Decision Date12 October 1979
Docket NumberNo. 4-78 Civ. 490.,4-78 Civ. 490.
Citation480 F. Supp. 71
PartiesVICTORY HIGHWAY VILLAGE, INC., a Minnesota Corporation, and James T. Dalton and Joanne A. Dalton, husband and wife, Plaintiffs, v. A. Vernon WEAVER, as Administrator of the Small Business Administration, Defendant.
CourtU.S. District Court — District of Minnesota

O'Neill, Burke & O'Neill, Ltd. by Joseph T. O'Neill, St. Paul, Minn., for plaintiffs.

Thorwald H. Anderson, Jr., U. S. Atty. by John M. Lee, Asst. U. S. Atty., Minneapolis, Minn., for defendant.

MEMORANDUM ORDER

ALSOP, District Judge.

This matter comes before the court upon the motion of the plaintiff for summary judgment pursuant to Rule 56 of the Fed.R. Civ.P. Briefs were submitted by both parties and oral argument was heard on the motion.

FACTUAL BACKGROUND

Plaintiff Victory Highway Village, Inc. is a Minnesota corporation with its principal office located in Mankato, Minnesota, where it owns and operates a mobile home park. James T. Dalton and Joanne A. Dalton are husband and wife, and James T. Dalton is the president of Victory Highway Village, Inc. Immediately adjacent to the property on which the mobile home park is located in Mankato was property owned by Dalton Motors, Inc., a Minnesota corporation, which owned and operated a Chrysler-Plymouth dealership for 25 years until May of 1977.

Defendant Small Business Administration (SBA) made three individual loans to Dalton Motors, Inc. for construction of a building on the premises owned by Dalton Motors, Inc. to house the Chrysler-Plymouth agency. The loans were as follows:

                October 6, 1972         $104,000
                October 6, 1972          508,000
                September 28, 1973        63,000
                

By terms of the various agreements, the $104,000 loan was a first priority, the $508,000 loan was a second priority, and the $63,000 loan was a third priority. The $508,000 loan was made by the SBA pursuant to 15 U.S.C.A. § 636(b)(3) and the other two loans were made pursuant to 15 U.S. C.A. § 636(a).

All three loans were secured by three separate mortgages on the real estate owned by Dalton Motors, Inc. In addition, the SBA obtained a guaranty on the $508,000 loan from the plaintiff Victory Highway Village, Inc. That guaranty was secured by a second mortgage on the property owned by plaintiff Victory Highway Village, Inc., which is presently being used for the mobile home park.

In addition to the guaranty and security given by Victory Highway Village, Inc., the SBA obtained three separate guaranties signed by James T. and Joanne A. Dalton as additional security for all three loans.
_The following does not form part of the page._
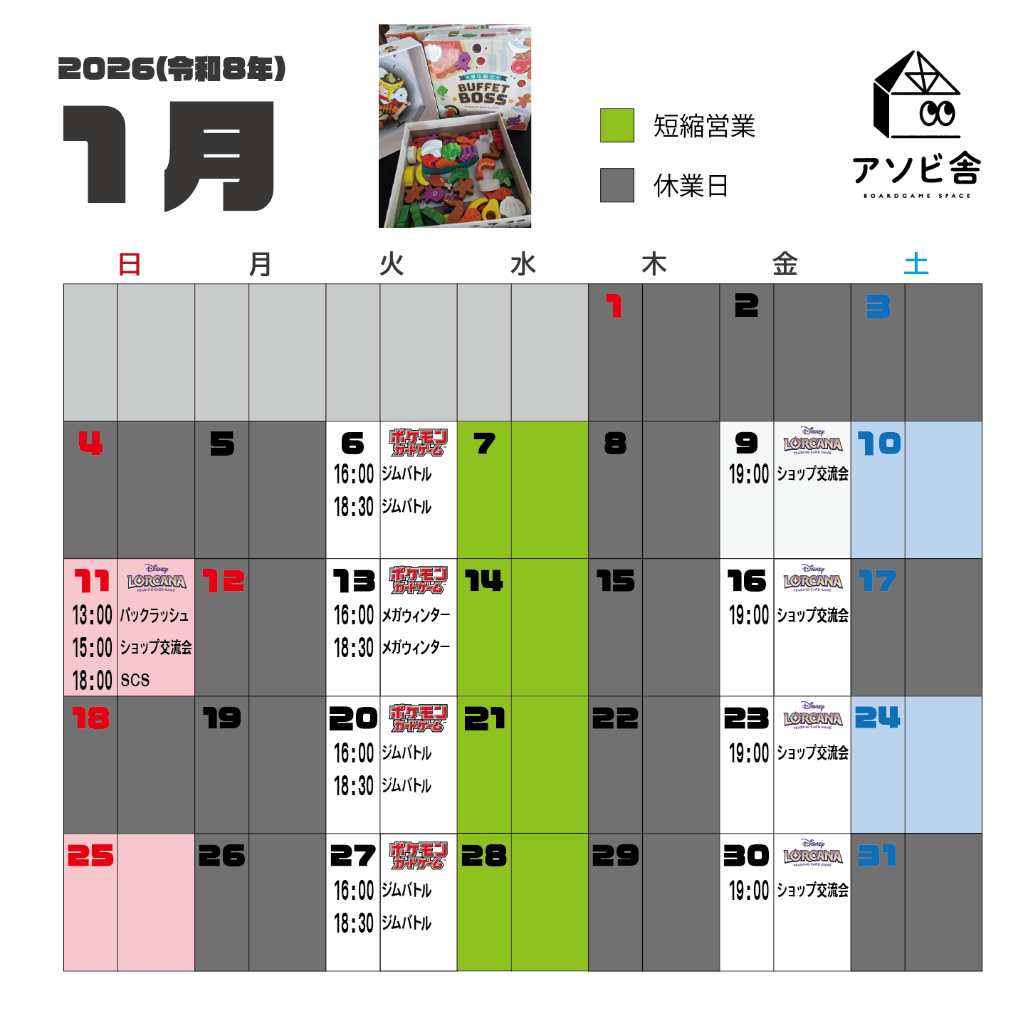 アソビ舎の来年1月の営業カレンダーを更新しました!

Dalton Motors, Inc. was unable to meet its payment schedules for the mortgages and defaults occurred. In June, 1977, the SBA initiated a mortgage foreclosure proceeding on all three mortgages given by Dalton Motors, Inc. On August 5, 1977, the sheriff's sale was held. The SBA was the successful bidder at the sale with a bid of $440,169.53. The SBA later sold the property for $465,000 pursuant to an auction held on December 28, 1978.

As of June 9, 1977, Dalton Motors, Inc. was indebted to the SBA in the total amount of $753,009. A deficiency balance remains after the real estate foreclosure as of February 13, 1979, in the sum of $342,999.74.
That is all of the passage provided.